┌─ Data section
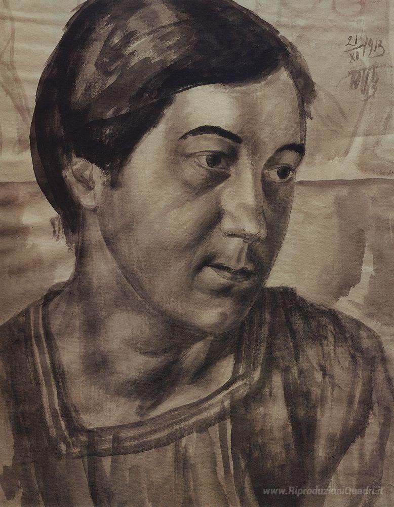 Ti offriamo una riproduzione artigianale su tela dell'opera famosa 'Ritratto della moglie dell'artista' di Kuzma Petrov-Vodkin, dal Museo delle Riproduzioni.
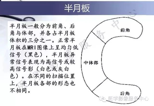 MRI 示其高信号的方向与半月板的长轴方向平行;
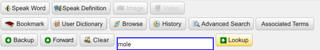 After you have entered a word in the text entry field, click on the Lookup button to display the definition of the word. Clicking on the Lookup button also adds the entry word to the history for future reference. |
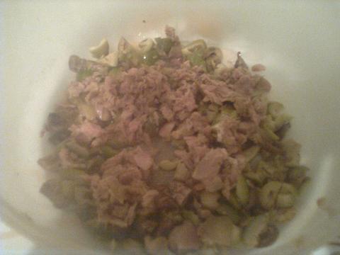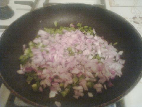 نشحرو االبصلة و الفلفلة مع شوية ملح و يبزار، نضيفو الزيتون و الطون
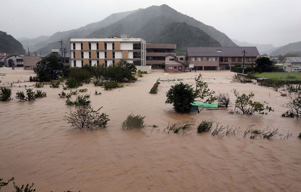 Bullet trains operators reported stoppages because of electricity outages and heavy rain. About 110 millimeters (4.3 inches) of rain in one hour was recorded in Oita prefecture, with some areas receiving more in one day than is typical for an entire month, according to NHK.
└─
┌─ Data section
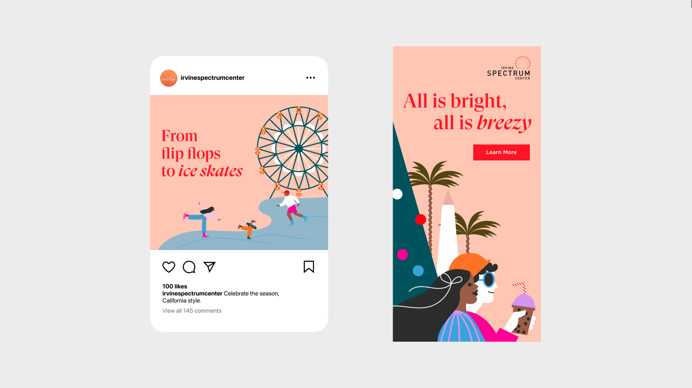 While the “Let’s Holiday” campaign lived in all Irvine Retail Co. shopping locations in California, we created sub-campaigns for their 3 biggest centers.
└─
After locating "After you have" and "نشحرو االبصلة و" in the records above, return exactly the line holding each one and every line between them; leave out the pictures.

 After you have entered a word in the text entry field, click on the Lookup button to display the definition of the word. Clicking on the Lookup button also adds the entry word to the history for future reference. |
 نشحرو االبصلة و الفلفلة مع شوية ملح و يبزار، نضيفو الزيتون و الطون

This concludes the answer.